The Ethereum multiverse is expanding, and chances are you've already lost track of all the side-chains, layer-2 chains, and EVM blockchains you've ever interacted with. Not to worry! Whether you've been yield farming on Loopring or trading NFTs on Polygon, Blockhead can help you keep track of it all.
Blockhead is a user-friendly interface for tracking, visualizing and exploring your blockchain assets.
Blockhead is a front-end browser client/single-page web app with UI components and animations written from scratch with Svelte, TypeScript, and CSS. It runs entirely within your browser, pulling data from a wide spectrum of blockchain indexing solutions including Covalent, Zapper, The Graph, Chainlink, and ETH JSON-RPC. The charts are generated with Apache Echarts.
To integrate the Covalent API, I manually created my own collection of TypeScript functions and types matching the endpoints in the API documentation as closely as possible. The functions are based on the browser fetch() API. I may spin it out into a dedicated client library. The Covalent API is currently responsible for fetching the token balances and NFTs from multiple EVM chains on the Portfolio screen and the Ethereum account view Explorer, as well as transaction data and historical price information powering the charts.
To integrate the Zapper API, I used OpenAPI Generator to generate a TypeScript/fetch() client from the provided Swagger specification (though some manual adjustments were made as the Swagger specification wasn't completely up to date). The Zapper API is currently responsible for fetching DeFi balances across multiple EVM chains as well as fiat conversion rates in case the user prefers a quote currency other than the default US Dollar.
I used Apollo GraphQL to fetch data from The Graph. Currently, the ENS subgraph is used to retrieve ENS domain metadata in the Explorer.
The JSON-RPC-provider from web3/ethers.js is used to fetch real-time statistics on the default Explorer page for a given EVM network, including the current block height and the price of a given asset via price oracle contracts on Chainlink.
On the Portfolios screen, I created custom UI flows for MetaMask, Torus OpenLogin, and Portis to let the user connect multiple wallet providers simultaneously (as opposed to one at a time as implemented in most web3 templates).
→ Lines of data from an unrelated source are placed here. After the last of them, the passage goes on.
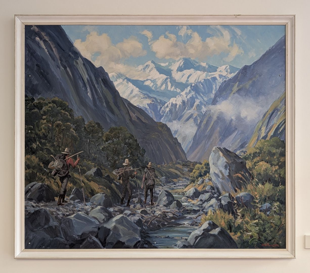 In February 2016 the Governor General was scheduled to visit Arthur’s Pass, providing impetus for Kiwirail to reinstate the artworks to the waiting room. The three paintings were reinstalled, however the mural was not reinstalled until later that year.
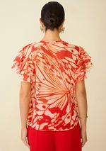 Blusa Maria.Valentina Decote V Manga Curta Amarração Frente Vermelho
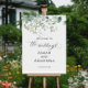 Bröllop välkomsttecken och elegant vattenfärgsgrön poster
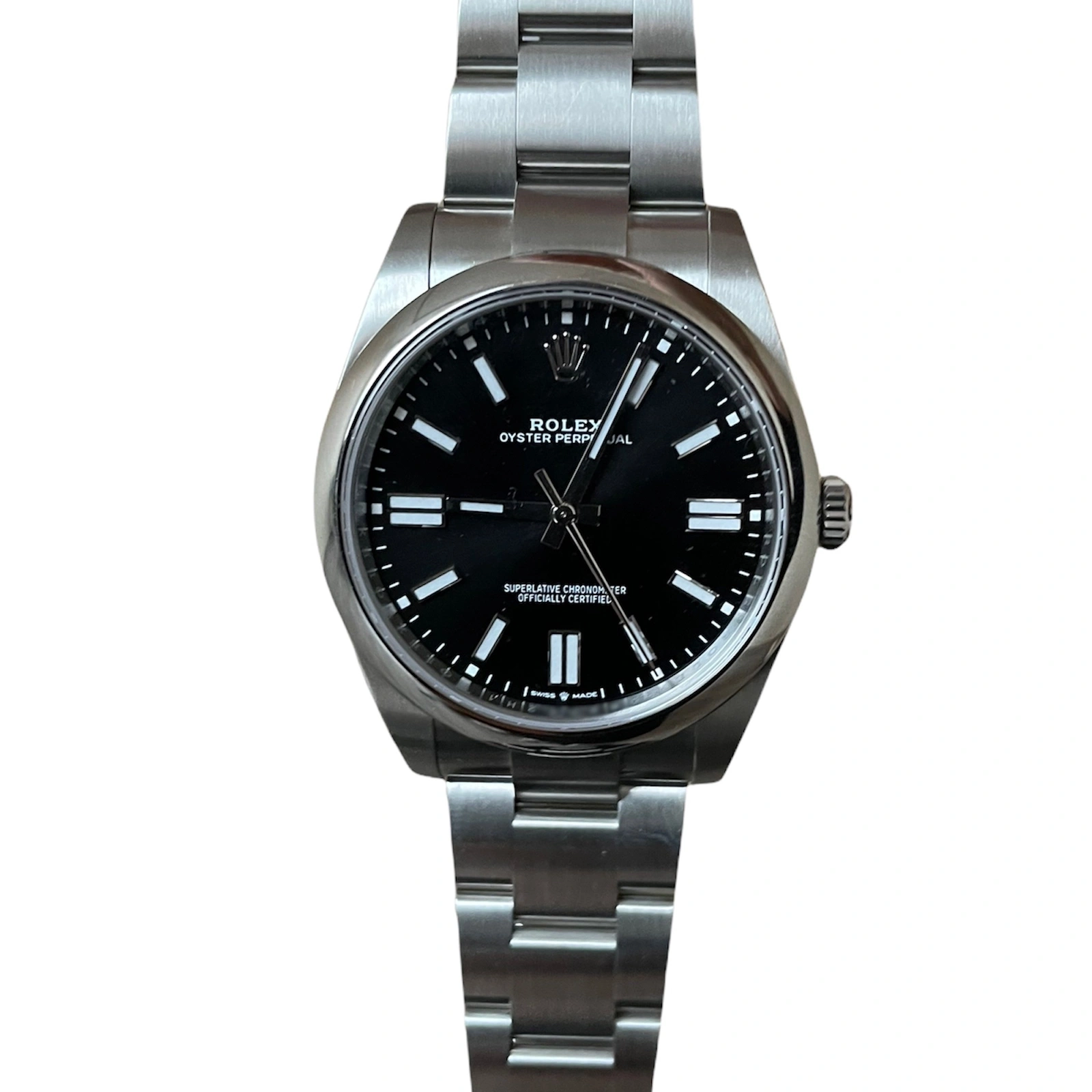 The Oyster bracelet is a perfect alchemy of form and function, aesthetics and technology. First introduced in the late 1930s, this particularly robust and comfortable metal bracelet with its broad, flat three-piece links remains the most universal bracelet in the Oyster collection. For the Oyster Perpetual models the Oyster bracelet is fitted with an Oysterclasp.

The biggest technical challenge I faced when integrating many different indexing solutions was ensuring network names, chain names, chain IDs and ENS names were based on a consistent format. Some APIs take a string ("mainnet"), while others take a chainID (1), while still others use a full name ("ethereum"). Some APIs accept ENS names directly, while others only take Ethereum addresses and thus require ENS names to first be resolved. The use of internal TypeScript types throughout the application helped me tremendously in managing these inconsistencies.